The last year or two have seen radical changes in how we work, thanks to the pandemic and the preference—and necessity—of working from home. 2023 will continue this evolution in ways that are perhaps more subtle, but still important for organizations as they consider how they will continue to adapt to industry change.

Declining IT Headcount

HR directors know competition for talent is fierce. IT staff will become harder and harder to find, increasing the need for MSPs that can lend a hand in VDI/DaaS deployments, and tools that simplify and automate onboarding, configuration, and maintenance tasks.

VDI gets more Cloudy

With less technical expertise in the field to maintain corporate data centers, more organizations will move to the cloud. As the cloud continues to become more and more mainstream, new solutions like AWS Workspaces Core will create new use cases for VDI in the cloud.

More Room for Disruption

Industry disrupters will also become more mainstream as companies look for alternatives in the wake of the Broadcom acquisition of VMware. Even if the EUC business in VMware does not suffer from the acquisition, organizations will realize they can benefit from looking outside of the stack. I highly recommend this webinar in which Robert Morris, former Citrix CTO, makes excellent points about the impact of the acquisition.
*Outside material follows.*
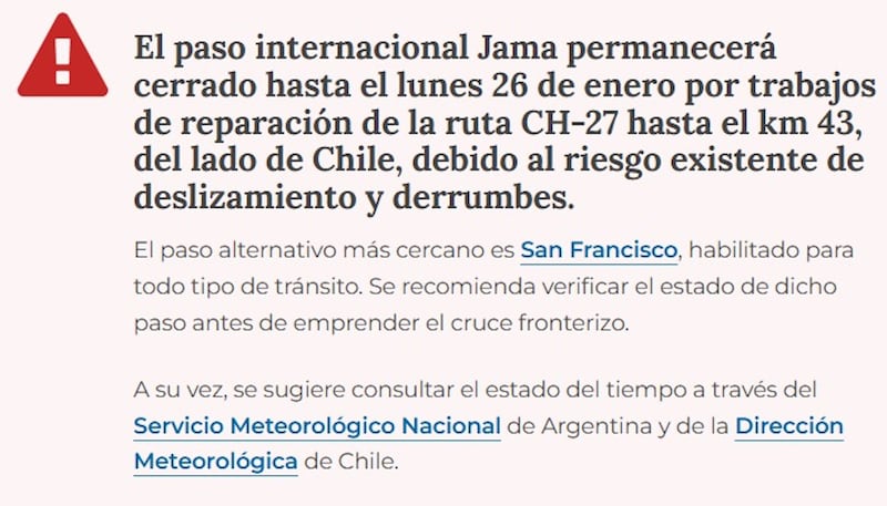 El embajador argentino en Chile, Jorge Faurie, elevó su queja al director Nacional de Fronteras y Limites del Estado chileno, Carlos Dettleff. Argumentó “la gran preocupación, tanto de autoridades nacionales, como de las Provincias argentinas de Salta y Jujuy, por los cierres intempestivos que se vienen produciendo en el Paso de Jama”. El viernes las autoridades de la Dirección de Vialidad trasandina informaron que se habilitaría el paso hoy a las 13 y el gobierno argentino, en el sitio del Ministerio de Seguridad, copió textual la información oficial chilena.

New Thinking in Remote Access

This out-of-the-box thinking, and interest in alternatives, will lead to new technologies for remote access and VDI, such as OpenStack and Containers.

We’re Staying Home

Many organizations spent 2022 trying to get their employees back into the office. The resistance to “work from anywhere” will end in 2023. Corporate conversations will shift to how to enable work-from-anywhere, as organizations realize that swimming upstream in that conversation is wasting time, energy, and resources that would be more wisely invested in modernizing their workplace.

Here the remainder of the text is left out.